Passive solar building design goals

  • During the cool season: Control the admission or storage of 'free' solar thermal energy (heat) while minimizing heat losses through the building envelope.
  • During the warm season: Slow heat gain, and exhaust undesired heat by cross-ventilation and convection currents
  • During the moderately temperate Spring and Fall seasons: Provide controls that accommodate daily weather variations of sunshine, temperature and humidity.[1]

Heat distribution between sections of the building may be controlled actively, or passively by taking advantage of the natural flow of heat(e.g. convection flow loops). For example, venting heat from an equator-facing solarium to warm the opposite (cold) side of the building in the winter.

Solar path fundamentals

Main article: Sun path

The ability to achieve these goals simultaneously is fundamentally dependent on the seasonal variations in the sun's path throughout the day

This occurs as a result of the inclination of the earth's axis of rotation in relation to its orbit. The sun path is unique for any given latitude. Generally the sun will appear to rise in the east and set in the west.

In Northern Hemisphere non-tropical latitudes farther than 23.5 degrees from the equator:

  • The sun will reach its highest point toward the South (in the direction of the equator)
  • As winter solstice approaches, the angle at which the sun rises and sets progressively moves further toward the South and the daylight hours will become shorter
  • The opposite is noted in summer where the sun will rise and set further toward the North and the daylight hours will lengthen[7]

The converse is observed in the Southern Hemisphere, but the sun rises to the east and sets toward the west everywhere.

In equatorial regions at less than 23.5 degrees, the position of the sun at solar noon will oscillate from north to south and back again during the year.[8]

In regions closer than 23.5 degrees from either north-or-south pole, during summer the sun will trace a complete circle in the sky without setting whilst it will never appear above the horizon six months later, during the height of winter.[9]
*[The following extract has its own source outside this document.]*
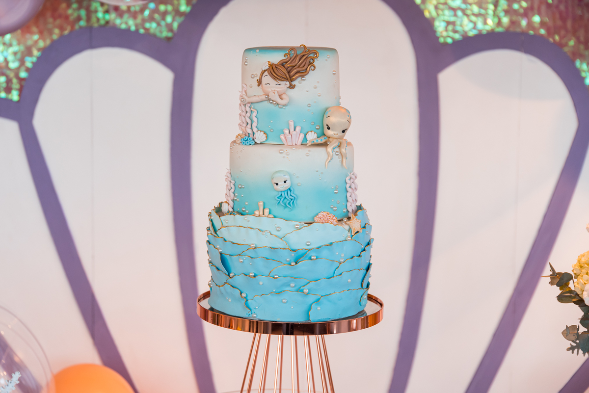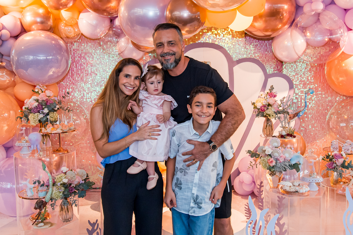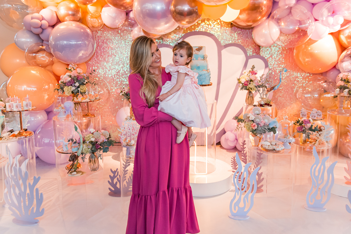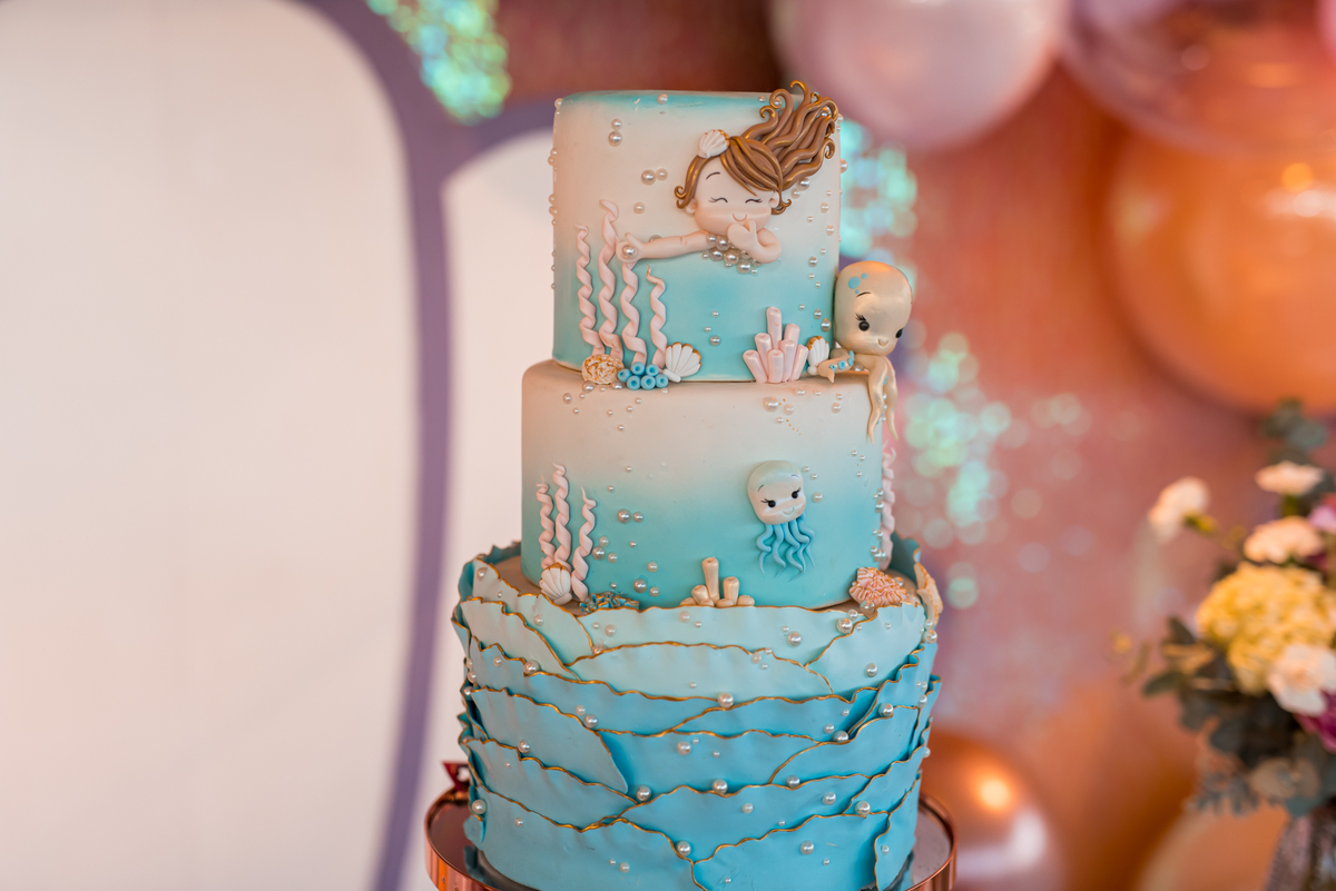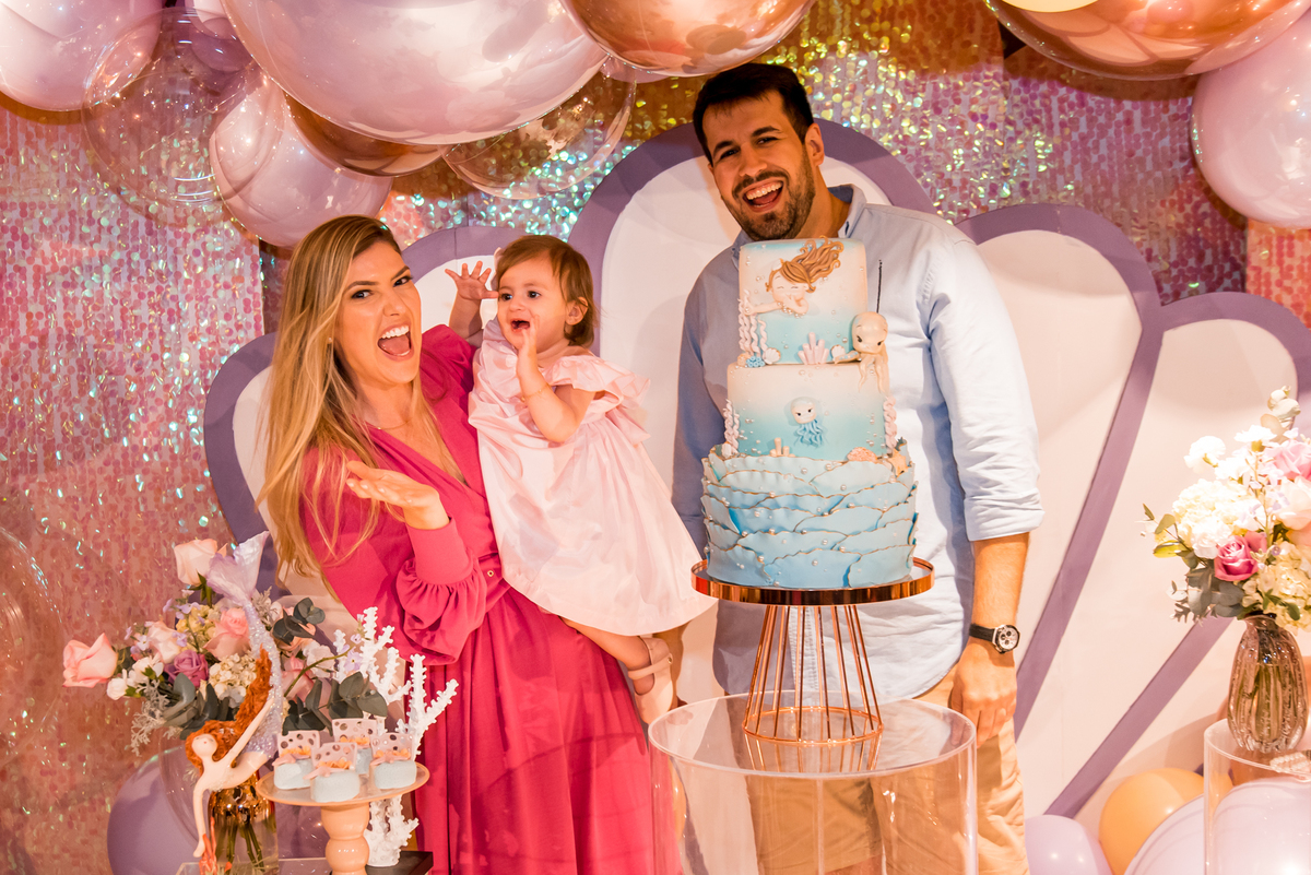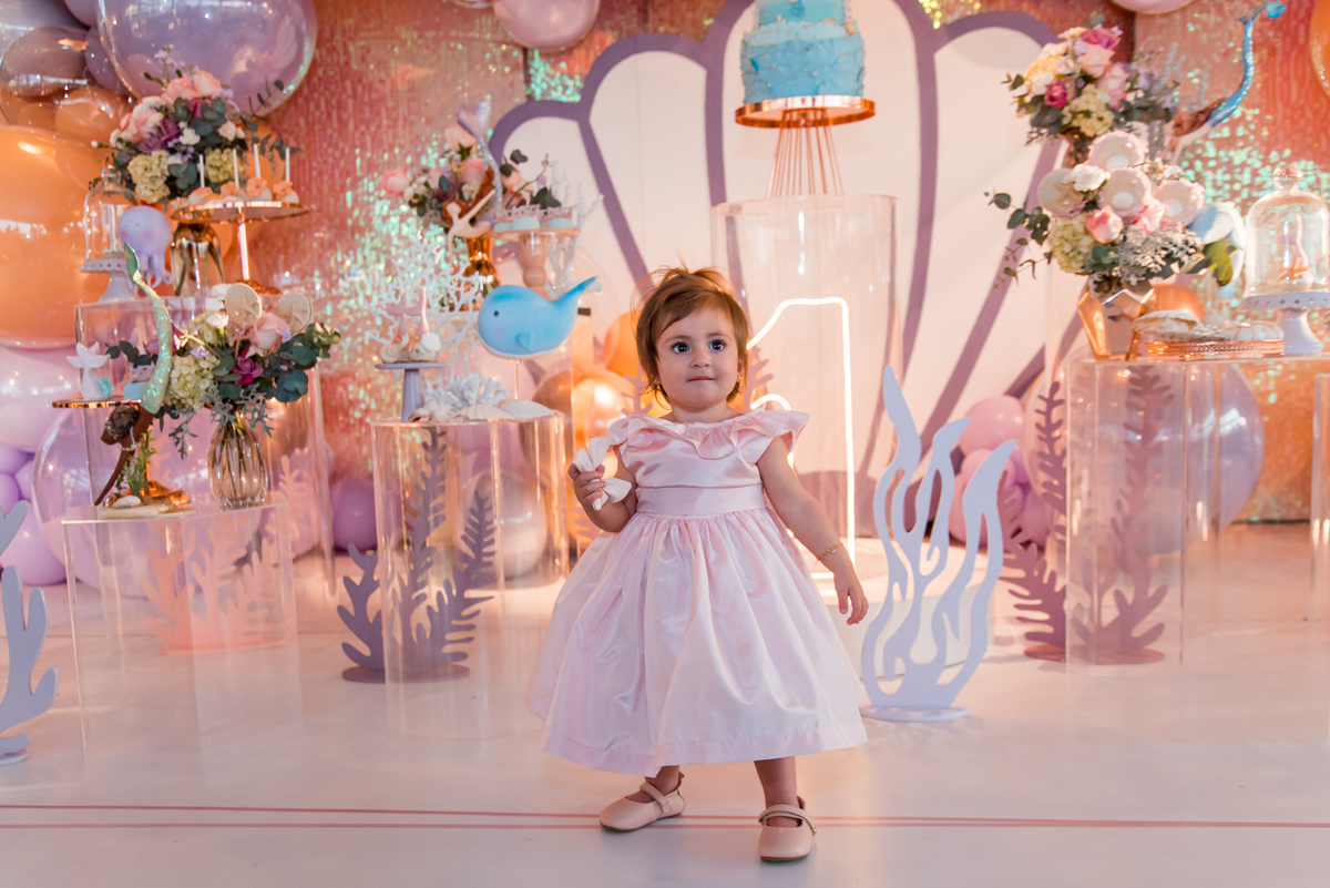 Além da decoração lindíssima, tema Sereia e Fundo do Mar, a Mafê recebeu seus amiguinhos e familiares com muita música e brincadeiras.

The 47-degree difference in the altitude of the sun at solar noon between winter and summer forms the basis of passive solar design. This information is combined with local climatic data (degree day) heating and cooling requirements to determine at what time of the year solar gain will be beneficial for thermal comfort, and when it should be blocked with shading. By strategic placement of items such as glazing and shading devices, the percent of solar gain entering a building can be controlled throughout the year.

One passive solar sun path design problem is that the sun is in the same relative position six weeks before, and six weeks after, the solstice, BUT due to "thermal lag" from the thermal mass of the Earth, the temperature and solar gain requirements are quite different before-and-after the summer-and-winter solstice. Movable shutters, shades, shade screen, or window quilts can accommodate day-to-day and hour-to-hour solar gain and insulation requirements.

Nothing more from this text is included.